Top of MATERIAL PROVIDED
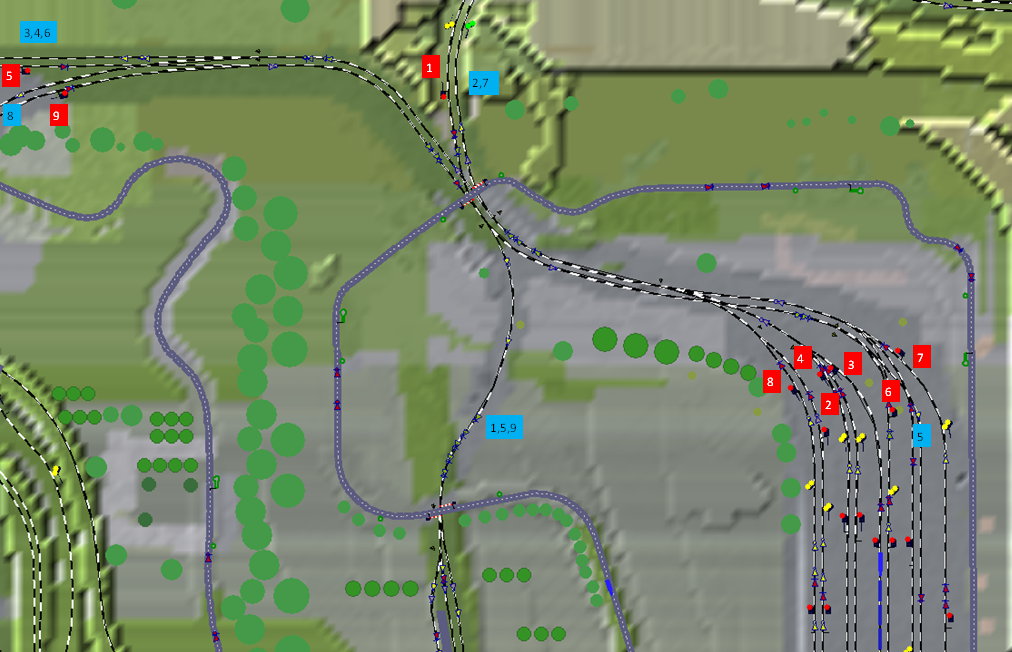 Auf dem folgenen Bild ist zu erkennen, dass es sich um 9 Wege handelt, dabei werden 5 und 9 von mehreren Zügen genutzt. Die roten Schilder zeigen die Eingangssignale an, die blauen den Verlauf, beim Verlassen des entsprechenden Wegs wird ein Endkontakt überfahren, der die Strecke jetzt wieder für den nächsten Zug freigibt.
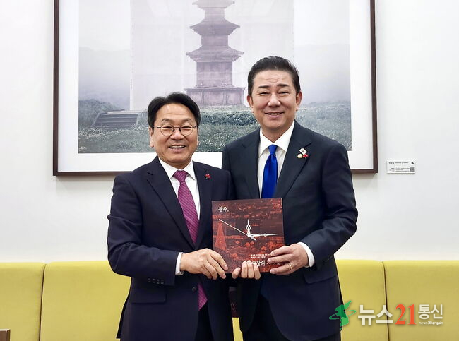 백서 광주, 광장의 시간들 전달 (사진=광주광역시)[뉴스21통신/장병기] 강기정 광주광역시장이 2일 국회에서‘광주, 광장의 시간들’이라는 백서를 주요 정치인들에게 전달하며 윤석열 대통령의 비상계엄 선포에 맞선 시민사회와 광주시의 공동 대응 기록을 공개했다.
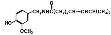 КАПСАИЦИН (ванилиламид 8-метил-6-ноненовой к-ты), мол. м. 305,15; алкалоид, содержащийся в разл. видах стручкового перца Capsicum (напр., в плодах Capsicum Annum ок. 0,03%). Бесцв. кристаллич. в-во со жгучим вкусом; т. пл. 65 °С, т. кип. 210-220 °С/0,01 мм рт. ст.; почти не раств. в водных р-рах щелочей, легко раств. в орг. р-рителях. Химически стоек. В жестких условиях гидролизуется на ванилиламин и 8-метил-6-ноненовую к-ту.
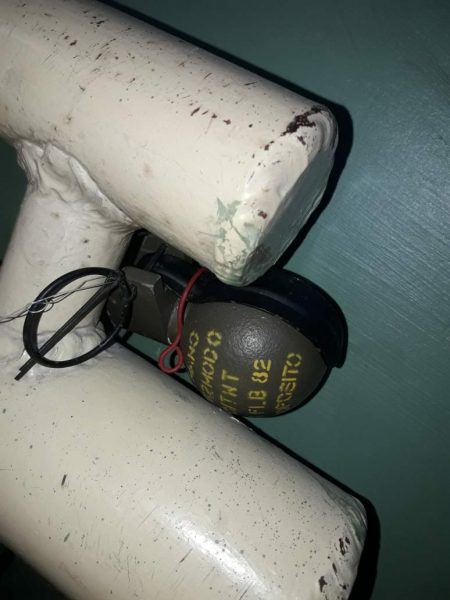 Según las informaciones recibidas, sería una granada ‘FMK2, modelo 0’, diseñada para el Ejército, que estaba atada a una tubería de gas, con una tanza, ubicada en la puerta de la oficina del director. Afortunadamente, no hubo heridos.
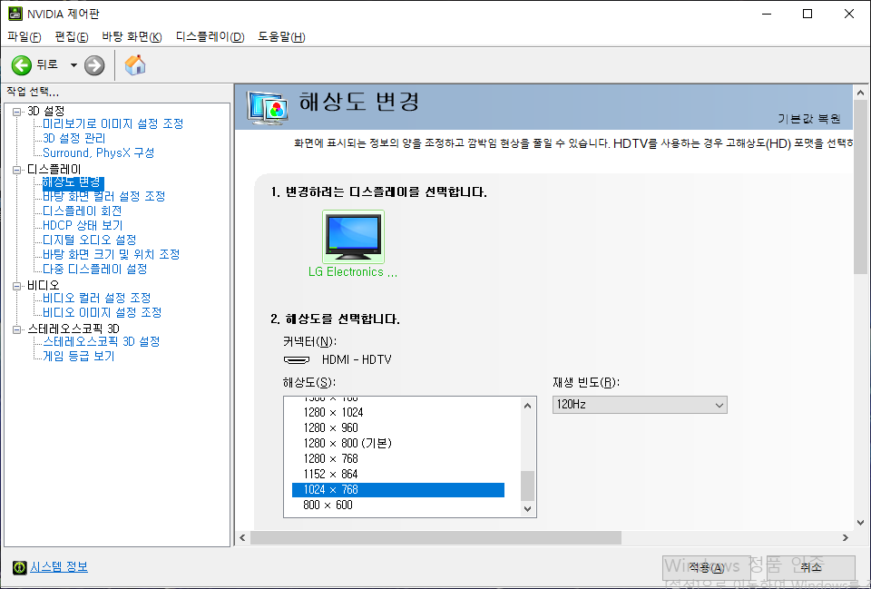드라이버 버전 낮추고, 해상도를 빔프로젝터 120Hz를 지원하는 1024x768로 변경.
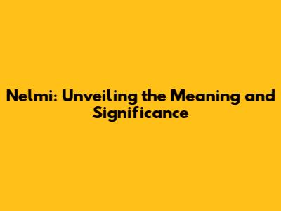Nelmi: Unveiling The Meaning And Significance
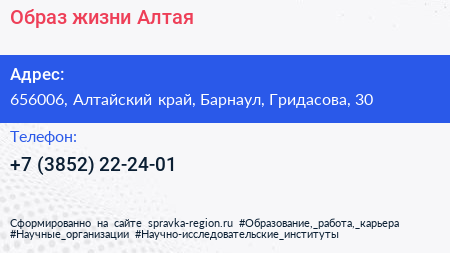 Образ жизни Алтая по адресу 656006, Алтайский край, Барнаул, Гридасова, 30 в дальнейшем Организация, размещена в следующих категориях:
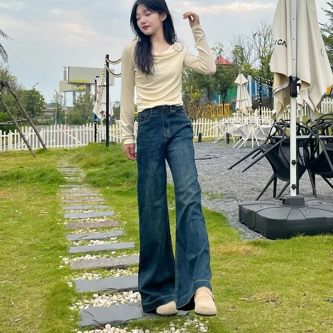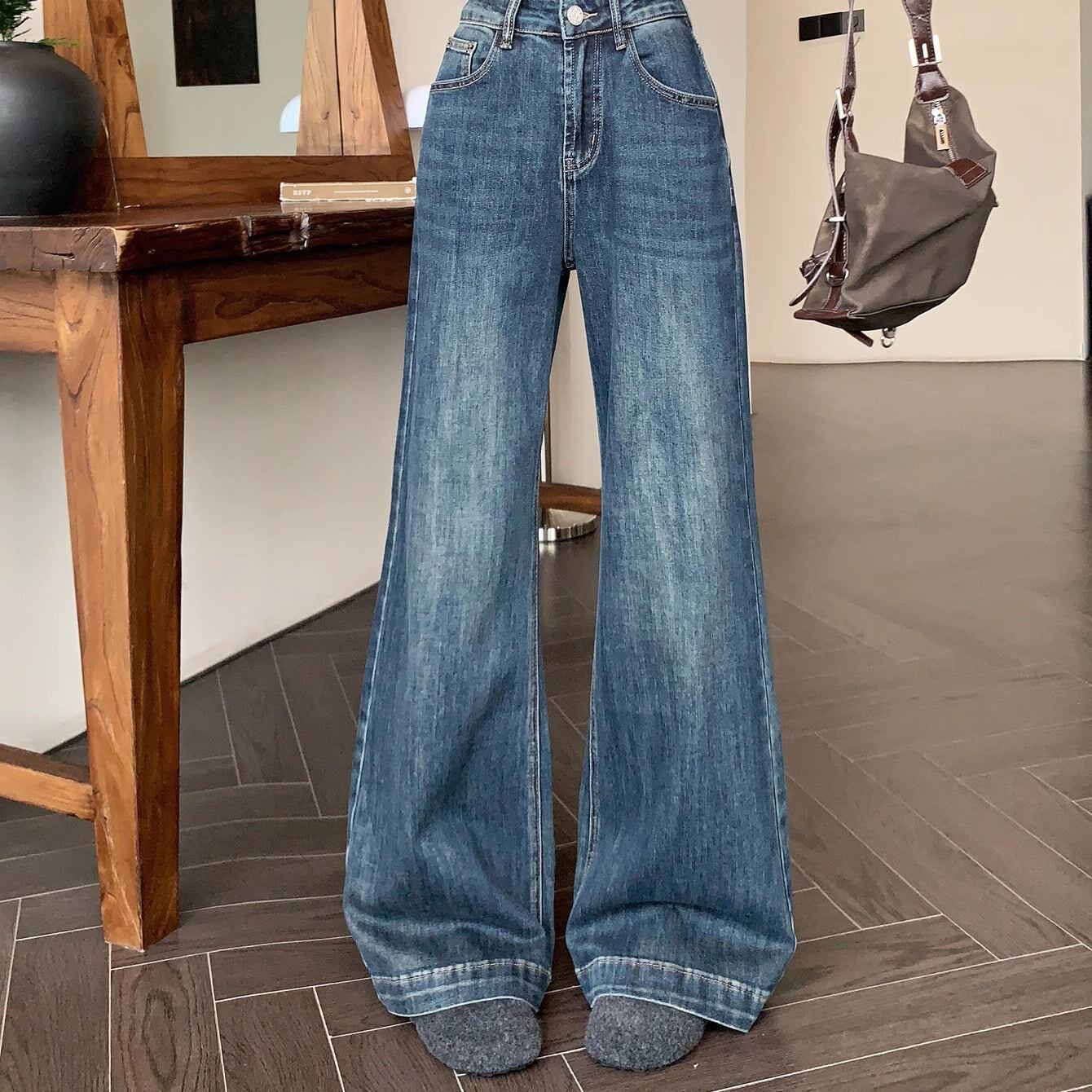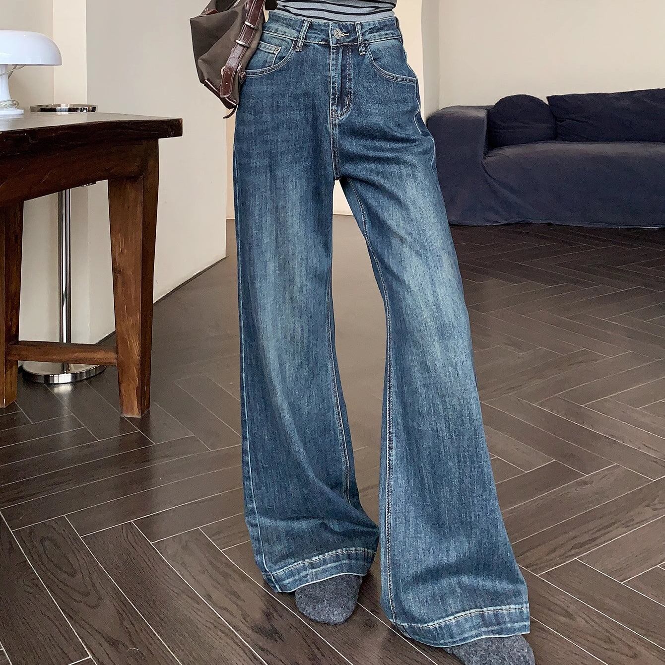フレア デニムパンツ レディース ワイドシルエット 韓国 ファッション ユーズド加工 ジーンズ きれいめ 大人カジュアル 冬ボトム
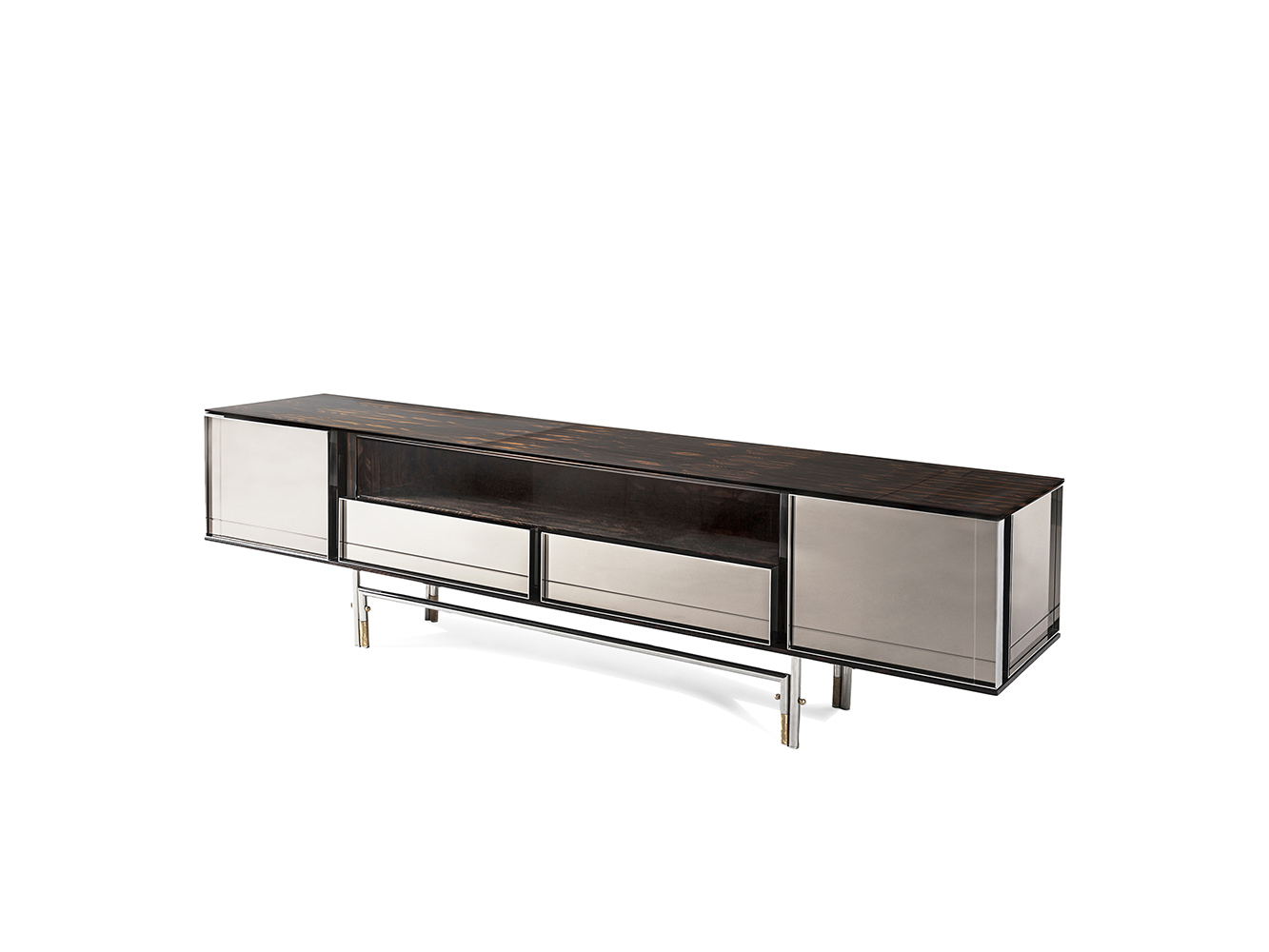 Комод изготовлен из ценной древесины Ziricote, известной своим богатым текстурным рисунком и долговечностью. Этот благородный материал не только впечатляет своей эстетикой, но и гарантирует долговечность, что является важным аспектом для предметов мебели премиум-класса. Зеркала и металлические элементы, использованные в конструкции, добавляют комоду современный взгляд, создавая ощущение легкости и элегантности.
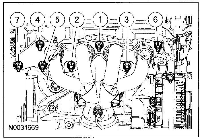 Position the catalytic converter and tighten the 7 new exhaust manifold nuts in the sequence shown in 2 stages.
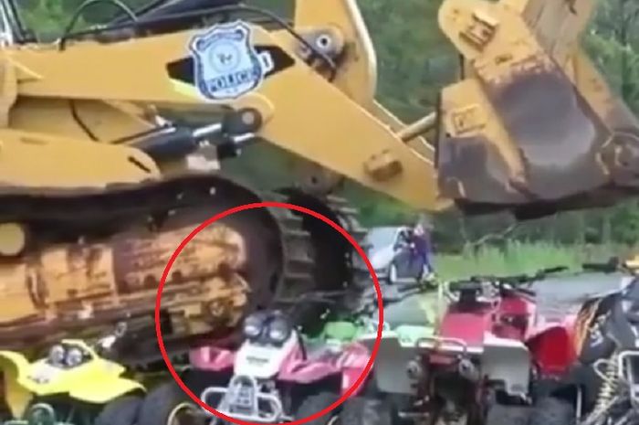 MOTOR Plus-online.com - Ada sebuah video yang menunjukkan pemusnahan massal motor bertipe ATV buldozer.
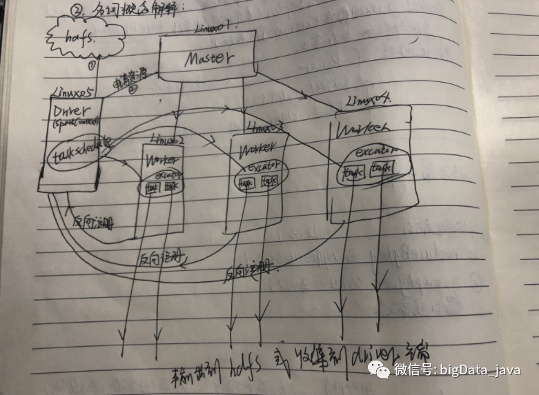 (6)任务执行完成之后,输出到hdfs端,或收集到driver端进行再次操作统计
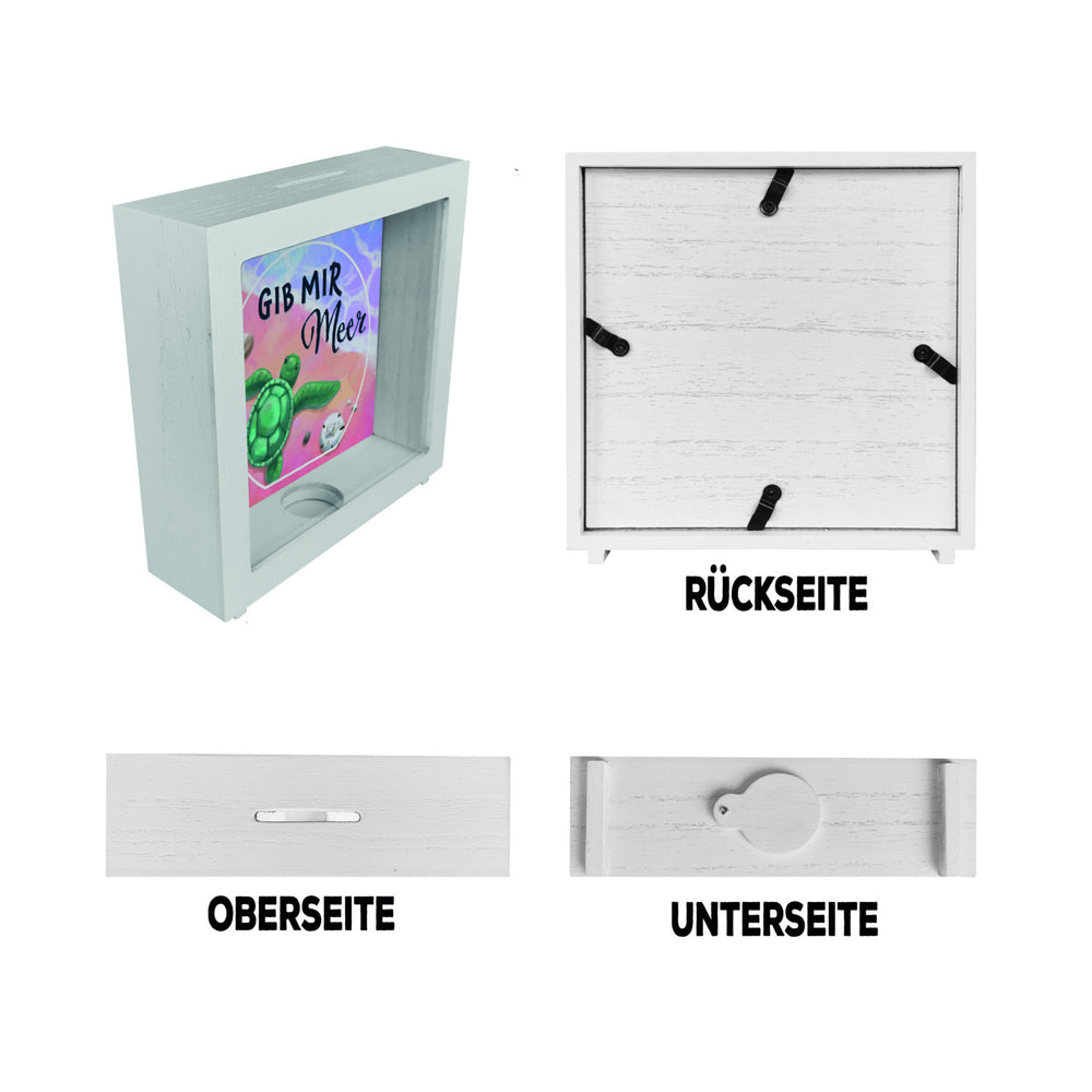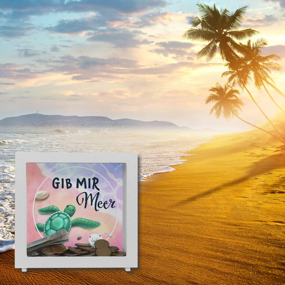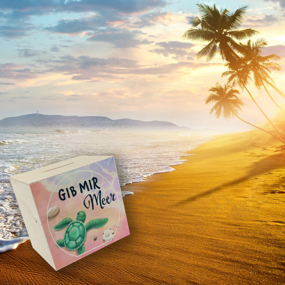 - 1x Gib mir Meer Spardose mit Meer- und Schildkröten-Motiv in der gewählten Ausführung
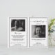 Funeral memorial program featuring on the front a photo of the deceased, thier name, dates, the memorial venue, date of the event, and elegant frame. On the inside is an obituary, and order of service; and on the back another photo, a thank you note and the second venue for after the funeral.
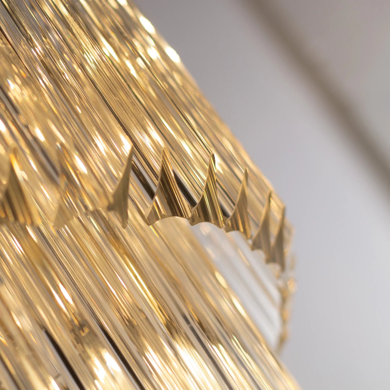 More than just a light fixture, it is a masterpiece suspended in time. Each crystal is precision-cut to capture and dance with every ray of light. When evening falls, it transforms your room into a sanctuary of brilliance and grandeur, defining the very essence of high-end living.
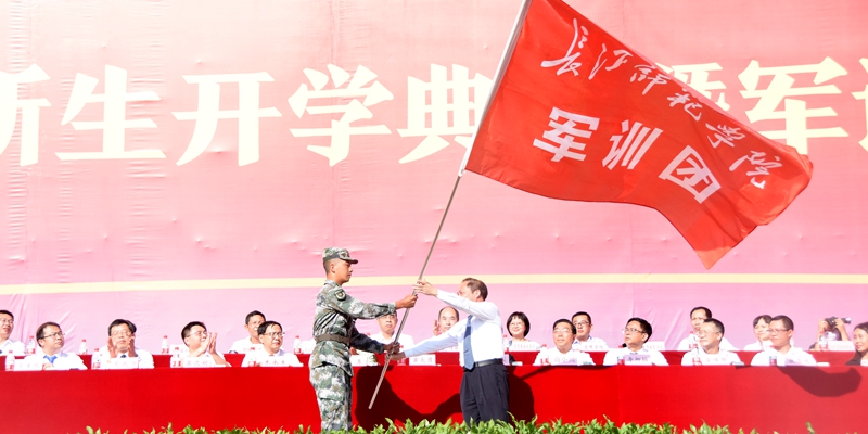 党委书记黄大勇为2023级新生军训团授旗,承训单位代表接旗。
Bottom of MATERIAL PROVIDED
- TASK INSTRUCTIONS:
Looking above, find the stretch of lines that opens with the one holding "Nelmi: Unveiling The Meaning And Significance" and closes with the one holding "Комод изготовлен из". Copy it exactly, pictures excluded.

- EXERCISE RESULT:
Nelmi: Unveiling The Meaning And Significance
 Образ жизни Алтая по адресу 656006, Алтайский край, Барнаул, Гридасова, 30 в дальнейшем Организация, размещена в следующих категориях:
フレア デニムパンツ レディース ワイドシルエット 韓国 ファッション ユーズド加工 ジーンズ きれいめ 大人カジュアル 冬ボトム
 Комод изготовлен из ценной древесины Ziricote, известной своим богатым текстурным рисунком и долговечностью. Этот благородный материал не только впечатляет своей эстетикой, но и гарантирует долговечность, что является важным аспектом для предметов мебели премиум-класса. Зеркала и металлические элементы, использованные в конструкции, добавляют комоду современный взгляд, создавая ощущение легкости и элегантности.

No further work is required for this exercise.